[Task statement]:
Using the listing below, retype only the lines from the line with "Configuring vCenter Server Licence" through the end, both ends included, and exclude the pictures.

-------- Record set

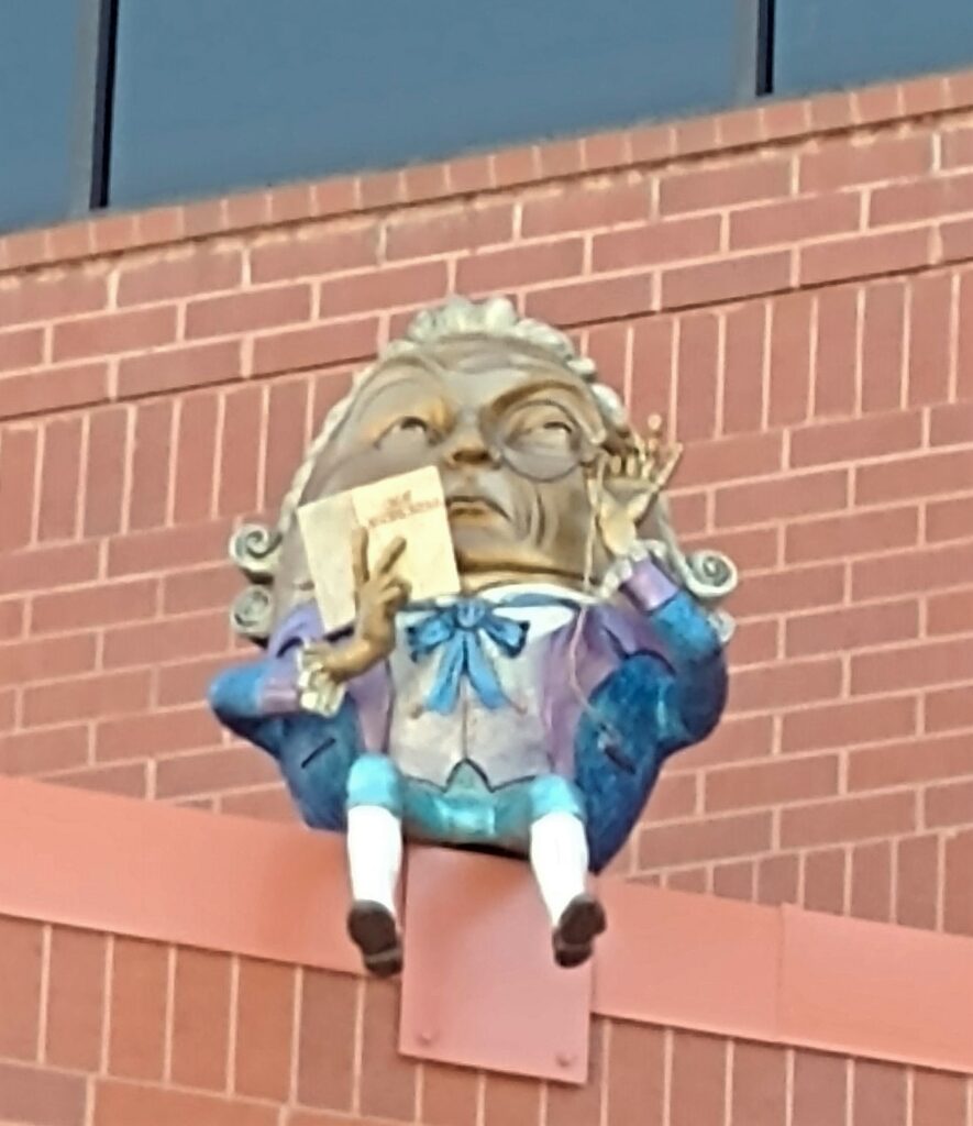 Located nearby, again sitting on the walls are the newest of his fellow Dumpties. Careful Pizza Man, you might drop that pie on some unsuspecting tourist.
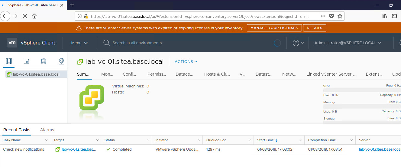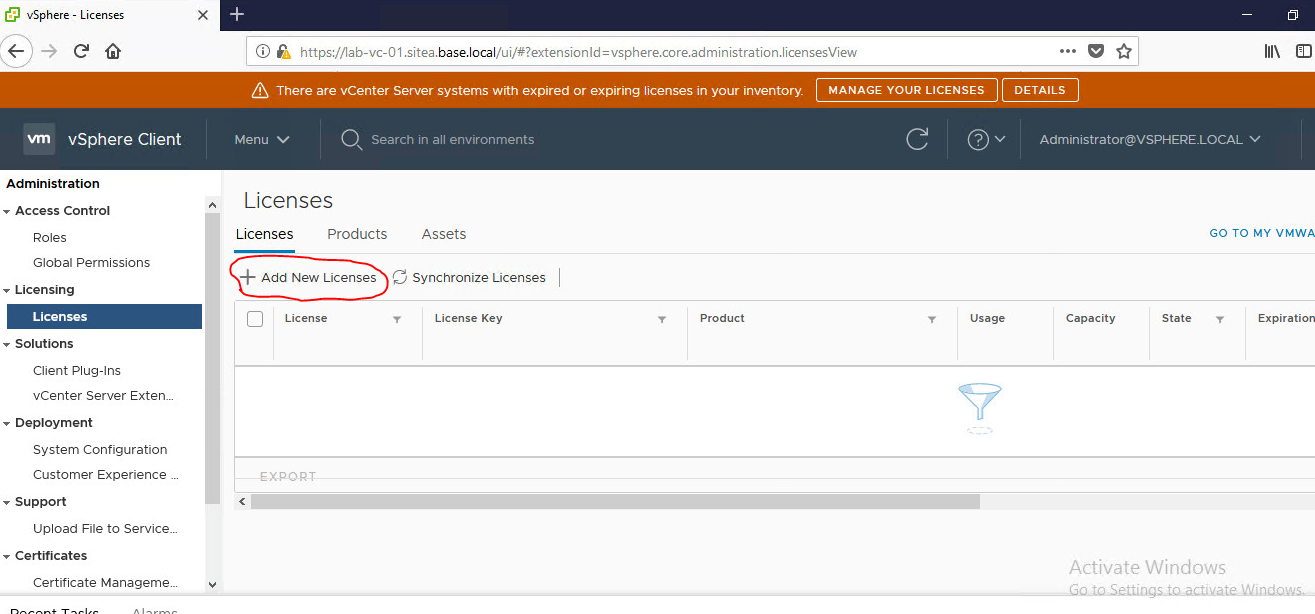 Configuring vCenter Server Licence
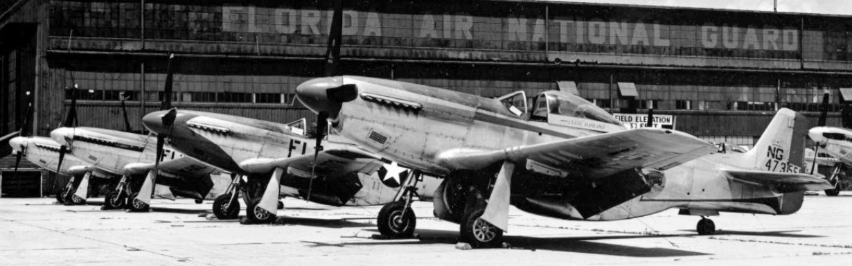 North American F-51D Mustang fighters of the 159th Fighter Squadron, Florida Air National Guard, at Thomas Cole Imeson Airport, Jacksonville, Florida, ca 1947.
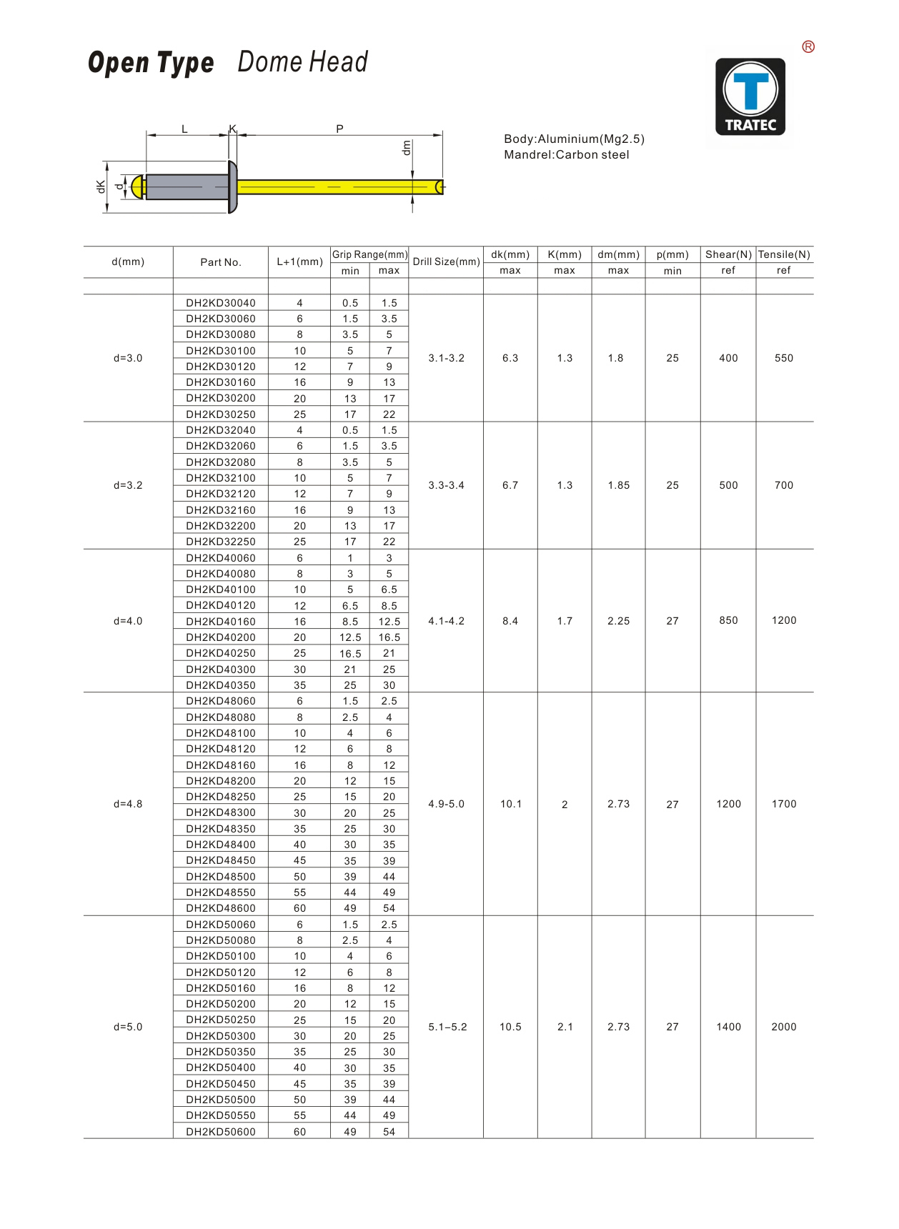 Open Type Dome Head
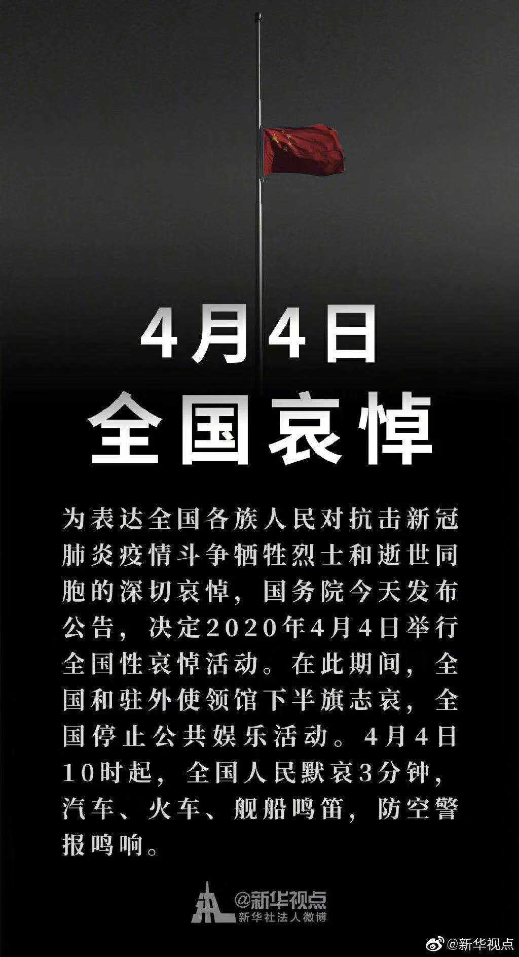 為表達全國各族人民對抗擊新冠肺炎疫情斗爭犧牲烈士和逝世同胞的深切哀悼,國務(wù)院決定,2020年4月4日舉行全國性哀悼活動。在此期間,全國和駐外使領(lǐng)館下半旗志哀,全國停止公共娛樂活動。4月4日10時起,全國人民默哀3分鐘,汽車、火車、艦船鳴笛,防空警報鳴響。
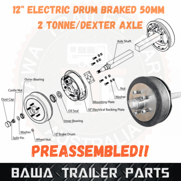 12″ 6 Stud Landcruiser Electric Drum Braked 50 Square 2TN Axle (2010mm HF to HF) – PREASSEMBLED AXLE

----------------

[Problem solution]:
 Configuring vCenter Server Licence
 North American F-51D Mustang fighters of the 159th Fighter Squadron, Florida Air National Guard, at Thomas Cole Imeson Airport, Jacksonville, Florida, ca 1947.
 Open Type Dome Head
 為表達全國各族人民對抗擊新冠肺炎疫情斗爭犧牲烈士和逝世同胞的深切哀悼,國務(wù)院決定,2020年4月4日舉行全國性哀悼活動。在此期間,全國和駐外使領(lǐng)館下半旗志哀,全國停止公共娛樂活動。4月4日10時起,全國人民默哀3分鐘,汽車、火車、艦船鳴笛,防空警報鳴響。
 12″ 6 Stud Landcruiser Electric Drum Braked 50 Square 2TN Axle (2010mm HF to HF) – PREASSEMBLED AXLE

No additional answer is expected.